Work instructions:
Transcribe word for word the section of the records below that opens with the line containing "报告中,侯国付教授结合自身从" and closes with the line containing "Encerramos a enquete"; drop every picture.

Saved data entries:
--- START ---

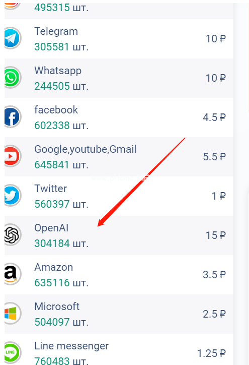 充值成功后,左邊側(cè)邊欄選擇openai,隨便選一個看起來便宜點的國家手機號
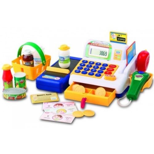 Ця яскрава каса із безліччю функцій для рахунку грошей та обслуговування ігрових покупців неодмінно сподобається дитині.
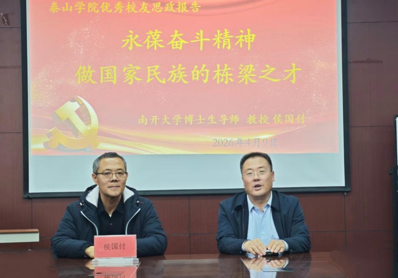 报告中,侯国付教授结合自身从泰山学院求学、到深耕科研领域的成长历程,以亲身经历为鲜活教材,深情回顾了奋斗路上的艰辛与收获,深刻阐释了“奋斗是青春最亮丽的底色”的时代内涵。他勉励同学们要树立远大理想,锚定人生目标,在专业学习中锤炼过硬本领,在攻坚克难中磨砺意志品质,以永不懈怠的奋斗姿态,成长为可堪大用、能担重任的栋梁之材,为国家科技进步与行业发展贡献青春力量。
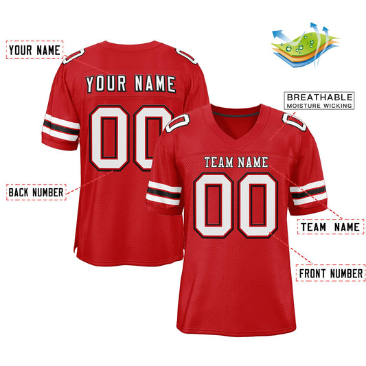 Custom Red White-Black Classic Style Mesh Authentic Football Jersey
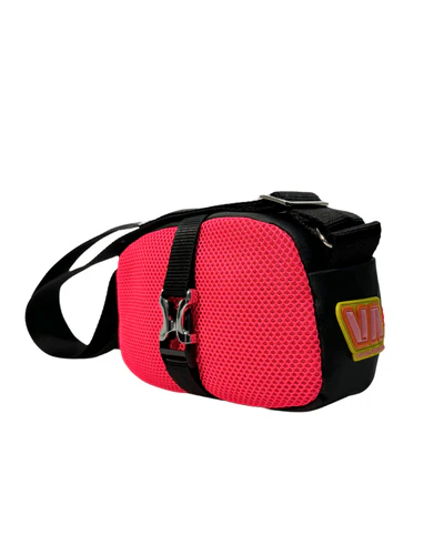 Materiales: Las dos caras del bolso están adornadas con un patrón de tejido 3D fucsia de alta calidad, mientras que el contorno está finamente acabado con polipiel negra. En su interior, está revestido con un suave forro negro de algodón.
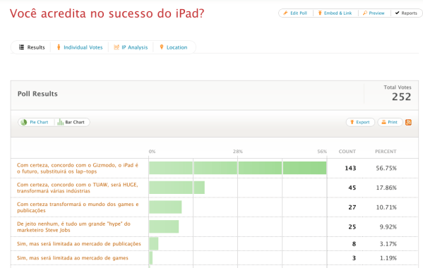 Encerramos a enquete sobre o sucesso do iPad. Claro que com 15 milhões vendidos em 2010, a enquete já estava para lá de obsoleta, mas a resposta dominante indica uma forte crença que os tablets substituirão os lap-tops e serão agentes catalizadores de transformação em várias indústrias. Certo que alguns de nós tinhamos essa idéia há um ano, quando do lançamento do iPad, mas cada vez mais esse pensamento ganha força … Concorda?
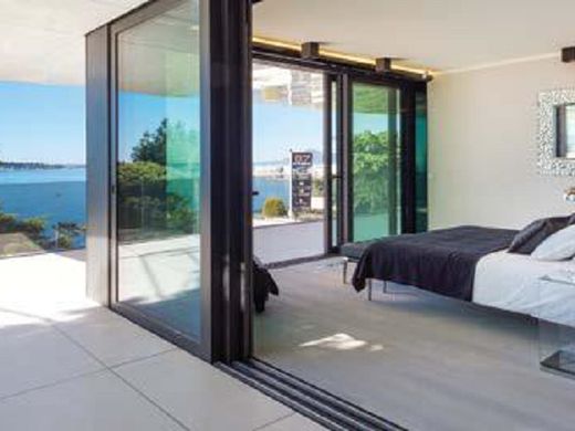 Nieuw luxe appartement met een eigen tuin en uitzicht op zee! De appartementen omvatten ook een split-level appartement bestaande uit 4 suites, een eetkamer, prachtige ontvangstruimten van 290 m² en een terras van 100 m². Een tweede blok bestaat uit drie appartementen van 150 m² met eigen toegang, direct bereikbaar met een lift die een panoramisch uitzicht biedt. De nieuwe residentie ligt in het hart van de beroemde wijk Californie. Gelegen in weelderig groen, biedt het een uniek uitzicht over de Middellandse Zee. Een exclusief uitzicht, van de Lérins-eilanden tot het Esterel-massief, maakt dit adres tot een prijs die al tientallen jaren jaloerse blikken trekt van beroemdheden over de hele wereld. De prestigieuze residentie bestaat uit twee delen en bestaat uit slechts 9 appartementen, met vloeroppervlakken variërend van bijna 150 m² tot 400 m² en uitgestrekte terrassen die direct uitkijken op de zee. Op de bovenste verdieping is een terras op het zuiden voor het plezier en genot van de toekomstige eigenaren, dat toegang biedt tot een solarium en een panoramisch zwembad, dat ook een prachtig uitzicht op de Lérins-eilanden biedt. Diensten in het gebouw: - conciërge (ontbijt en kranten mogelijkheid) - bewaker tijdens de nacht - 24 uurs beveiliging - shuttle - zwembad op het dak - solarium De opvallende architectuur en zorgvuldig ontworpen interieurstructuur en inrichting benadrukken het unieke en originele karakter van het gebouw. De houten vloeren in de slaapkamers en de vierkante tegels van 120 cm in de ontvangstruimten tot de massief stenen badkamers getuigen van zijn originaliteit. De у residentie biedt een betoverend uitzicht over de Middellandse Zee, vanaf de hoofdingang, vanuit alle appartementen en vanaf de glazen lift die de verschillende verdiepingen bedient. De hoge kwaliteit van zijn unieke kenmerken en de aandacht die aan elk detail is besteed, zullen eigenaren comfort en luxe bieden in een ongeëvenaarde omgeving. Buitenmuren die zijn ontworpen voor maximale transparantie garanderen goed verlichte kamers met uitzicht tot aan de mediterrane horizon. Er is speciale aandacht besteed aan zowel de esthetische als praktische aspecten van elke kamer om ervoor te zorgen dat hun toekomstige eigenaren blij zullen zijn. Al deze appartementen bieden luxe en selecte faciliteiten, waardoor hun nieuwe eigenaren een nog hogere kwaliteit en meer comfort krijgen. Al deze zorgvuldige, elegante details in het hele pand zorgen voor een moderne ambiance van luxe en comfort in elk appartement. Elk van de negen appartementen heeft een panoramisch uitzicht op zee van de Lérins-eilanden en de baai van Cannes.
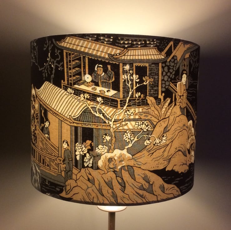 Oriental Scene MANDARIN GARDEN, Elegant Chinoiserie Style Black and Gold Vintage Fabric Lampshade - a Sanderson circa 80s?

--- END ---

Answer to this problem:
 报告中,侯国付教授结合自身从泰山学院求学、到深耕科研领域的成长历程,以亲身经历为鲜活教材,深情回顾了奋斗路上的艰辛与收获,深刻阐释了“奋斗是青春最亮丽的底色”的时代内涵。他勉励同学们要树立远大理想,锚定人生目标,在专业学习中锤炼过硬本领,在攻坚克难中磨砺意志品质,以永不懈怠的奋斗姿态,成长为可堪大用、能担重任的栋梁之材,为国家科技进步与行业发展贡献青春力量。
 Custom Red White-Black Classic Style Mesh Authentic Football Jersey
 Materiales: Las dos caras del bolso están adornadas con un patrón de tejido 3D fucsia de alta calidad, mientras que el contorno está finamente acabado con polipiel negra. En su interior, está revestido con un suave forro negro de algodón.
 Encerramos a enquete sobre o sucesso do iPad. Claro que com 15 milhões vendidos em 2010, a enquete já estava para lá de obsoleta, mas a resposta dominante indica uma forte crença que os tablets substituirão os lap-tops e serão agentes catalizadores de transformação em várias indústrias. Certo que alguns de nós tinhamos essa idéia há um ano, quando do lançamento do iPad, mas cada vez mais esse pensamento ganha força … Concorda?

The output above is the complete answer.